My indoor Ragdoll little girl's name is Molly. She stays indoors and waits for us to come home daily by sitting at the dining room window and waiting. She chases me around the house and is very quick at finding me when we play hide and seek. We have a long hallway for her to run down and a cat tree she is the sole Queen of. And we do not worry about her safety, we live in a Coyote inhabited rural area and every once in a while hear the coyotes having a feeding frenzy with somebody's pet in the neighborhood. Molly is a happy little girl and I open the big livingroom window in the mornings for awhile so she can take in the outdoors.

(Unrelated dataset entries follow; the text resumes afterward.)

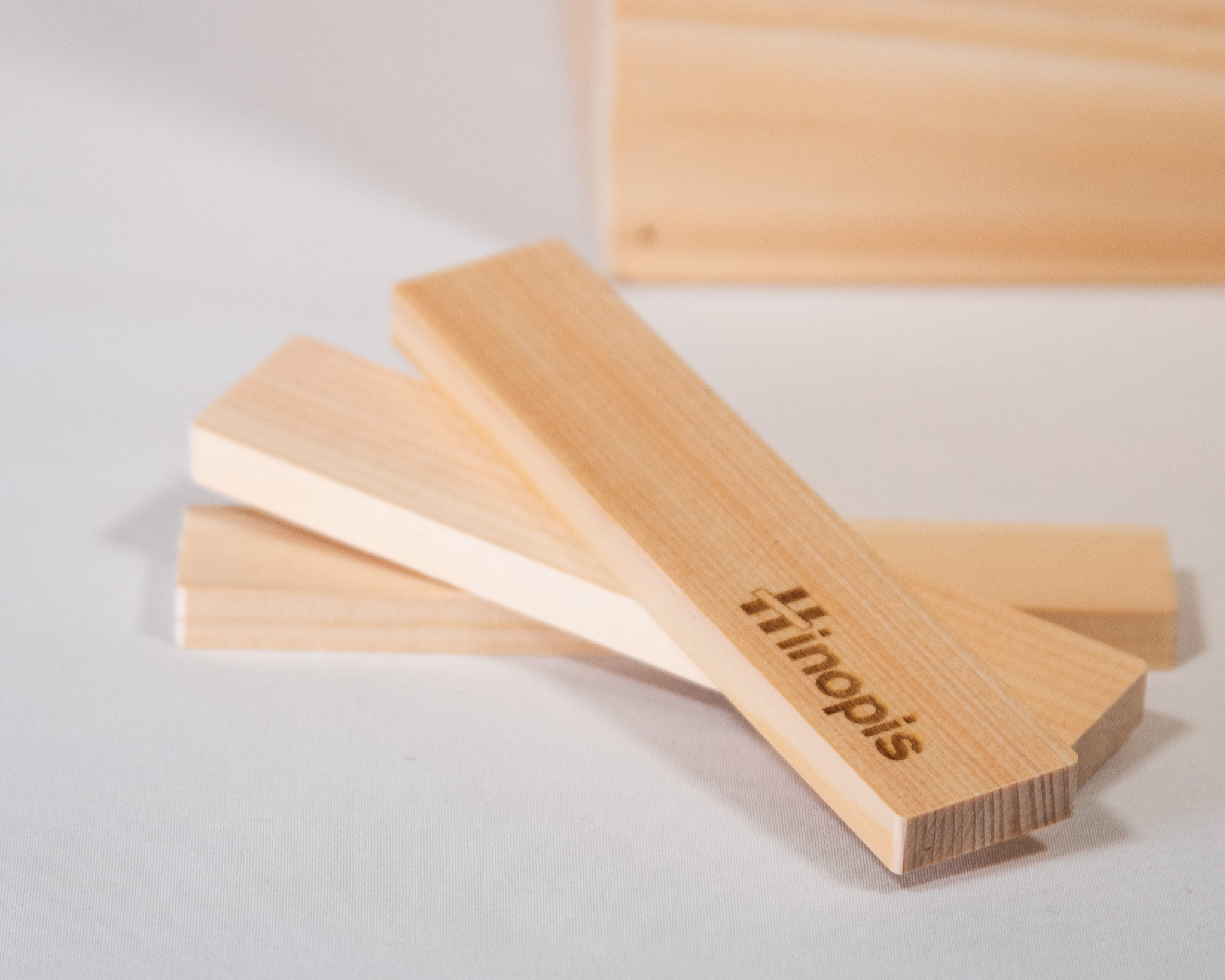 Hinopisは「8mm×24mm×120mm」の短冊型で製作しており、塗装をせず接着剤も使用していない100%天然無垢の木のままですので、安心して子どもに与えることができます。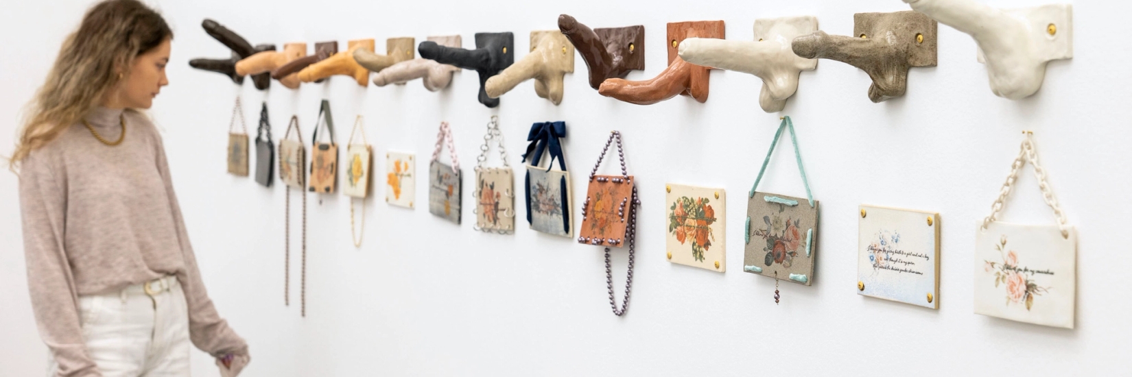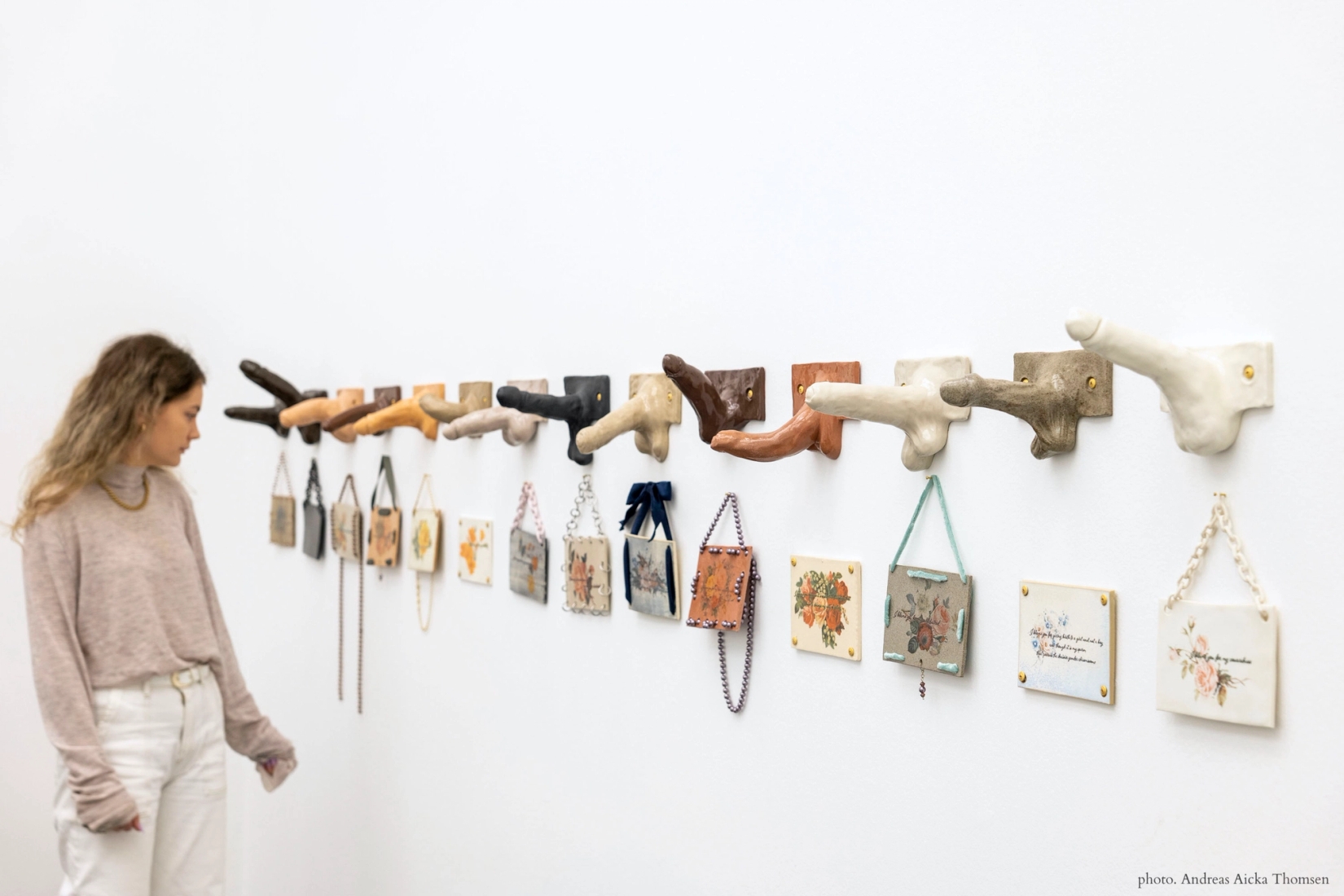 HAND BUILT CERAMICAttached to the wall using golden screws, are a dozen dicks adorn in their natural ceramic “skin tone”. Only glazed with a transparent shine, giving it a wet and in some areas a milk…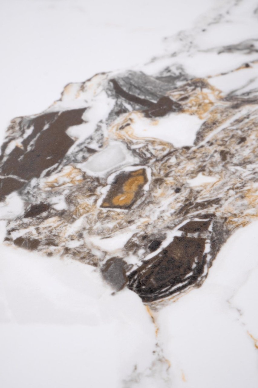 Masa de cafea Rosa cu blat de marmură albă este piesa ideală pentru un living sofisticat și modern. Designul său contemporan și finisajele premium o fac să iasă în evidență. Blatul în nuanța de marmură albă adaugă un plus de rafinament, oferind mesei Rosa o eleganță clasică și un aspect de lux. Dimensiuni: Diametru: 50 cm Înălțime: 59 cm Detalii tehnice: Sinterizat / oțel acoperit cu pulbere / oțel inoxidabil Culoare: Marmura albă / marmură gri / auriu Produsul nu este montat, este destinat pentru auto-asamblare. Instructiunile de montaj vin in colet.

We will be retiring after the end of the year and I think Molly will REALLY enjoy having both my wife and I home all the time. She sleeps between us nightly.
—Guest Mike Rice

Indoor Cats

We have kept our many (4-6) cats indoors for over 20 years. I see no negative effects from this, only positive ones. Do it for your delicate little friends, they will be grateful.
—Guest Robert Reger

Inside not out!

I had a beautiful black an white cat and we let it roam outside until one day she got run over by a car and the car drove off. I'm getting a new tabby kitten and I'm going to keep it inside because they live longer, No diseases , still excersize running up and down the stairs! So it's inside for me guys!
—Guest Lewis

Never again

My darling kitty just died, hit by a car... If or when I get a new cat it will be indoor only. I refuse to let another animal under my care suffer in that way.